Wednesday, January 12, 2011

Joel Klein’s Legacy

I never knew this – it's extraordinary:

the lasting legacy of Joel Klein might not be in New York City but elsewhere, in New Jersey; Baltimore; Washington, DC; New Haven, CT; Rochester, NY; and Christina, Delaware. In each of these places, someone closely connected with the Chancellor became the top educator. In fact, all but Michelle Rhee in Washington actually reported to Mr. Klein, and they worked closely when she led the New Teacher Project. As is well known, it was Mr. Klein who advised incoming DC Mayor Adrian Fenty to hire her.
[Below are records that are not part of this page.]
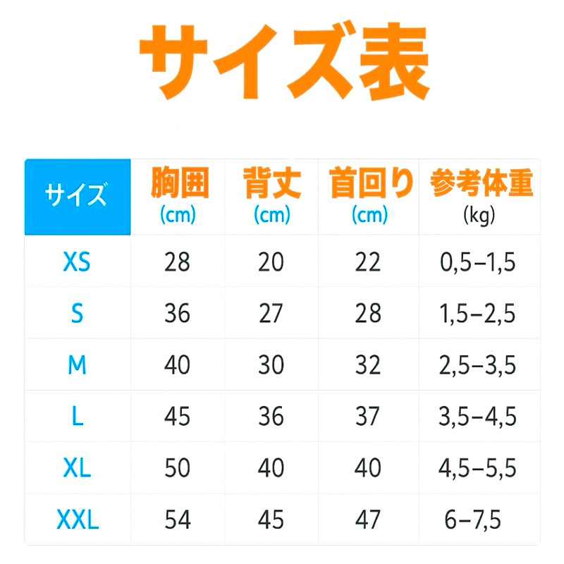- 胸囲(バスト):前足のすぐ後ろ、一番太い部分をぐるっと1周測ります。
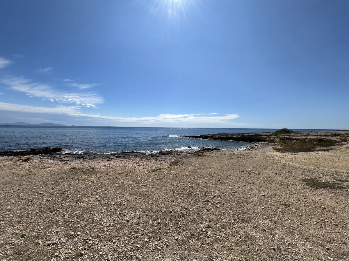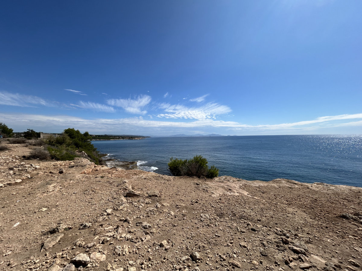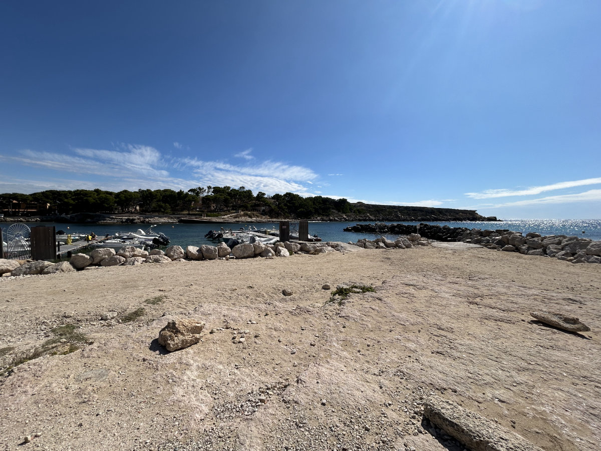 Wir folgen dem Weg von einer schönen Bucht in die andere, einige mit Sandstrand, einige mit Steinstrand, einige mit beidem. Das Wasser des Mittelmeers glitzert in der Sonne, sowohl im Hafen von Tamaris als auch in den Badebuchten ist das Wasser glasklar.
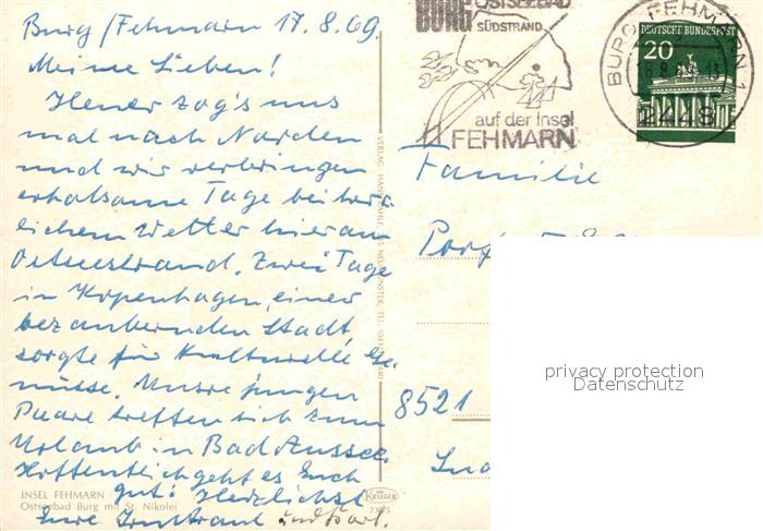 72646398 alte Postkarte Burg Fehmarn Dorfplatz postalisch gelaufen Erhaltung siehe scans [WerneD78] KatCode: 11110001055046
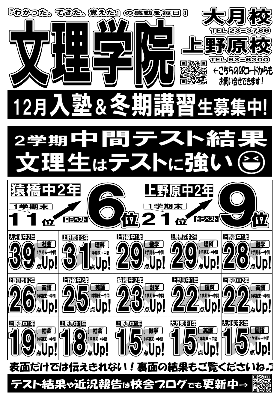 社会24点Up✨(上野原西中3年) 理科23点Up✨(猿橋中1年)

The others: Deputy Superintendent Christopher Cerf is now the State Superintendent in New Jersey. Andres Alonso is Superintendent in Baltimore. Garth Harries leads the schools in New Haven; J.C. Brizzard is superintendent in Rochester, and Marcia Lyles heads the Christina, Delaware, schools.

By my rough calculations, well over 1.5 million students are now in schools led by the five former deputies of Mr. Klein. Add to that Chancellor Rhee's 44,000 students in Washington, DC, and Mr. Klein's 1 million-plus students for a total of 2.6 million students, give or take a few thousand.

Since our public schools currently enroll about 50 million students, that means that more than 5 percent of all US public school students were either directly or indirectly under his influence. I conclude that, in terms of his impact on schools and school systems, Joel Klein is the most important educator that most of America has never heard of.